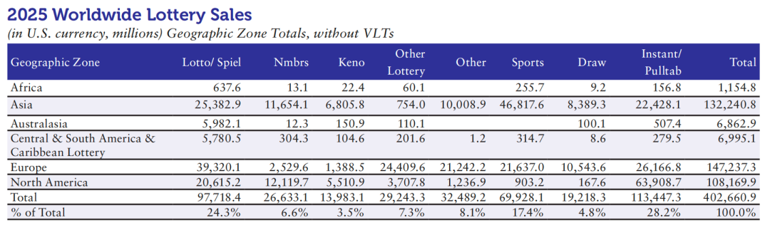 近日,美国《拉弗》杂志公布了2025年全球彩票销量报告。2025年全球彩票总销量(不含视频彩票VLT销量)达到4027亿美元,相比2024年的3844亿美元增长4.8%。
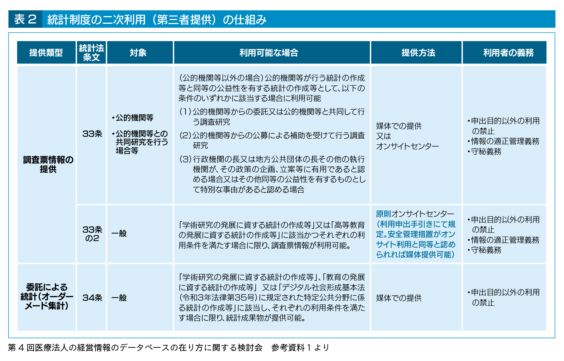 第三者提供制度は、@一般からの委託に応じて作成した統計を提供する仕組み(オーダーメード集計)と、Aデータベース上の医療法人情報そのものを研究者等に提供する仕組みの2つが医療法で規定されている。
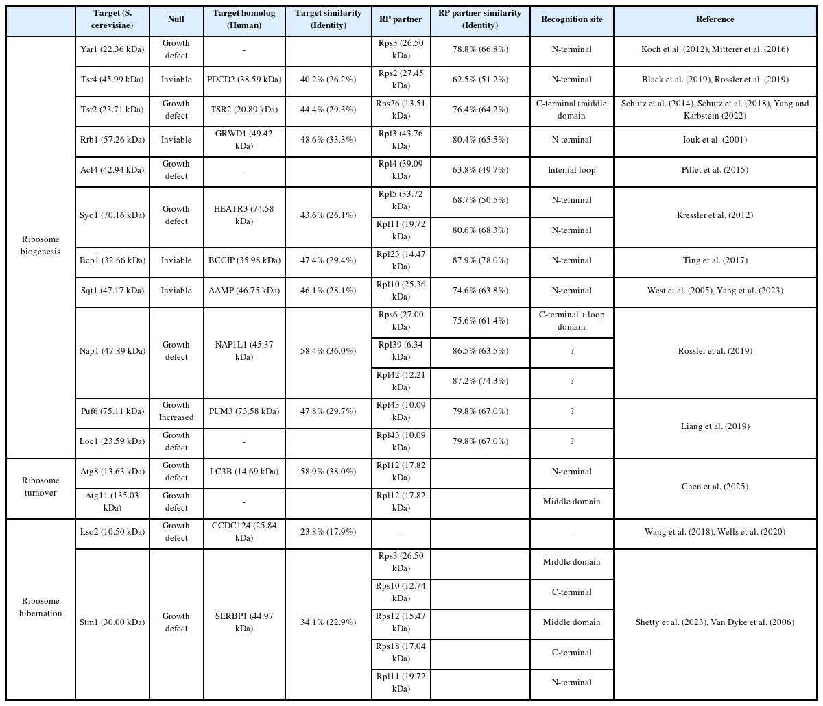 The process of ribosome biogenesis is largely conserved from yeast to human (Ameismeier et al., 2018; Fiorentino et al., 2025; Tomecki et al., 2017; Wild et al., 2010), together with the assembly factors as well (Dorner et al., 2023). Out of ~200 assembly factors identified, a subset of chaperone proteins has been classified based on their function. While RPs are relatively small and basic proteins, they are prone to aggregate when they fail to incorporate into ribosomes (Gorenstein and Warner, 1977; Sung et al., 2016; Warner, 1977). To prevent misfolding and ensure efficient ribosome assembly of these RPs, subset of “personalized” chaperones have been identified in yeast, interacting with one or more of 13 specific RPs (Table 1) (Iouk et al., 2001; Koch et al., 2012; Kressler et al., 2012; Mitterer et al., 2016; Pillet et al., 2015; Schutz et al., 2014; Stelter et al., 2015; Ting et al., 2017; West et al., 2005; Yang and Karbstein, 2022). While most of these personalized RP chaperones have human homologs (Yang et al., 2023), due to its substantial study performed in yeast, it remains unclear whether all these human homologs retain the same client specificity as their yeast counterparts.
□ □ □ □ □ □ □
» What to produce: Please restate, word for word, the lines from the one with "第三者提供制度は、@一般から" through the final line of the material, both included, and omit the pictures.

» Output below:
 第三者提供制度は、@一般からの委託に応じて作成した統計を提供する仕組み(オーダーメード集計)と、Aデータベース上の医療法人情報そのものを研究者等に提供する仕組みの2つが医療法で規定されている。
 The process of ribosome biogenesis is largely conserved from yeast to human (Ameismeier et al., 2018; Fiorentino et al., 2025; Tomecki et al., 2017; Wild et al., 2010), together with the assembly factors as well (Dorner et al., 2023). Out of ~200 assembly factors identified, a subset of chaperone proteins has been classified based on their function. While RPs are relatively small and basic proteins, they are prone to aggregate when they fail to incorporate into ribosomes (Gorenstein and Warner, 1977; Sung et al., 2016; Warner, 1977). To prevent misfolding and ensure efficient ribosome assembly of these RPs, subset of “personalized” chaperones have been identified in yeast, interacting with one or more of 13 specific RPs (Table 1) (Iouk et al., 2001; Koch et al., 2012; Kressler et al., 2012; Mitterer et al., 2016; Pillet et al., 2015; Schutz et al., 2014; Stelter et al., 2015; Ting et al., 2017; West et al., 2005; Yang and Karbstein, 2022). While most of these personalized RP chaperones have human homologs (Yang et al., 2023), due to its substantial study performed in yeast, it remains unclear whether all these human homologs retain the same client specificity as their yeast counterparts.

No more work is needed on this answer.